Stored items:

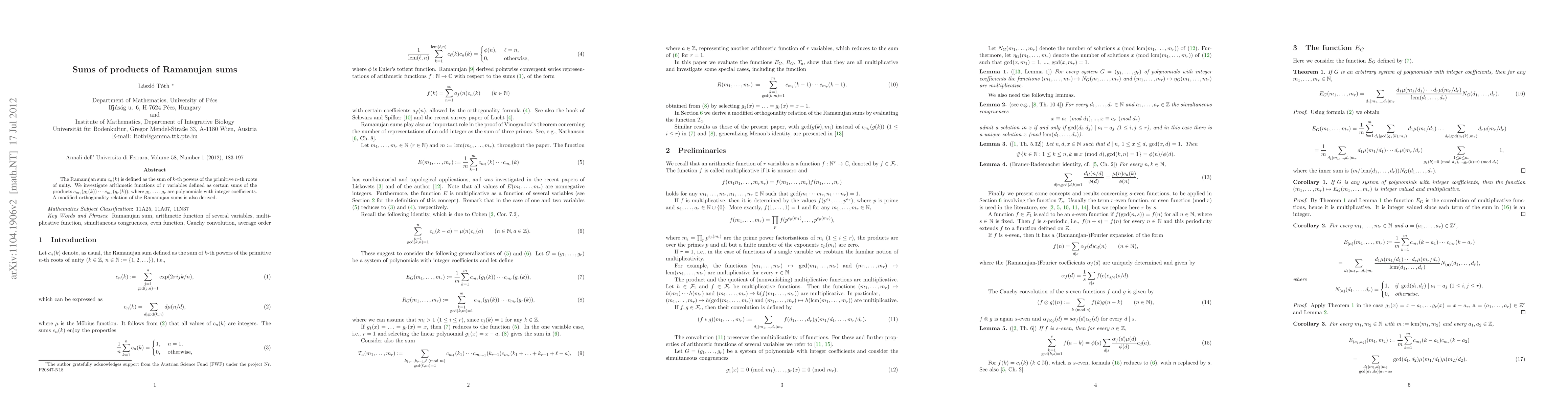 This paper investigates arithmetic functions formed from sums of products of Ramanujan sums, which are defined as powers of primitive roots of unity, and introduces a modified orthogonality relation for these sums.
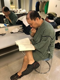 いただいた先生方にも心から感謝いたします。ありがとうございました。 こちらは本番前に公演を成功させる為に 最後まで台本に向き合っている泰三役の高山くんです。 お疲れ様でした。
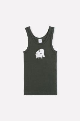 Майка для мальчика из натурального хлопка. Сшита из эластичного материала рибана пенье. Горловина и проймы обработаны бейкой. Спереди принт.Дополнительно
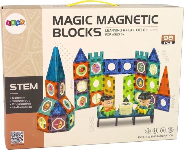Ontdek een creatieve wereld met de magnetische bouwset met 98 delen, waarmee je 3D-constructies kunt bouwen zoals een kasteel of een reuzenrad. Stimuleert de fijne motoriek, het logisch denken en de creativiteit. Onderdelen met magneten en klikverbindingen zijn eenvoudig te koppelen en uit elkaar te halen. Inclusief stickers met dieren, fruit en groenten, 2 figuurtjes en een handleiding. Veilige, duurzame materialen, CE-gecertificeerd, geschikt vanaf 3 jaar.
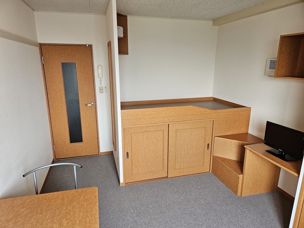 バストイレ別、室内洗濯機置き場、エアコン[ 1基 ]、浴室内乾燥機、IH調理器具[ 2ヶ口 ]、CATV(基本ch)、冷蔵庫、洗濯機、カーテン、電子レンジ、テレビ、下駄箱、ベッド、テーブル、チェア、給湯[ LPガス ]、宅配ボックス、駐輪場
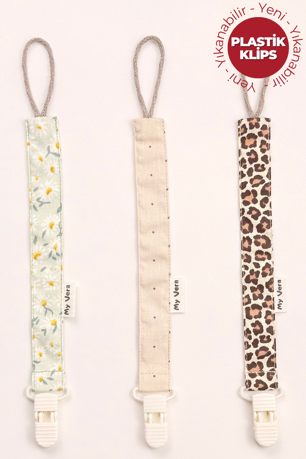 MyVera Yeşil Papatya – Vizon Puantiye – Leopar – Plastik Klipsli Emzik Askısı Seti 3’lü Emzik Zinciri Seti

### Work item
Return exactly the lines from the one containing "バストイレ別、室内洗濯機置き場、エアコン[ 1基 ]、浴室内乾燥機、IH調理器具[ 2ヶ口" through the end of the records, leaving out every picture.

### The answer
 バストイレ別、室内洗濯機置き場、エアコン[ 1基 ]、浴室内乾燥機、IH調理器具[ 2ヶ口 ]、CATV(基本ch)、冷蔵庫、洗濯機、カーテン、電子レンジ、テレビ、下駄箱、ベッド、テーブル、チェア、給湯[ LPガス ]、宅配ボックス、駐輪場
 MyVera Yeşil Papatya – Vizon Puantiye – Leopar – Plastik Klipsli Emzik Askısı Seti 3’lü Emzik Zinciri Seti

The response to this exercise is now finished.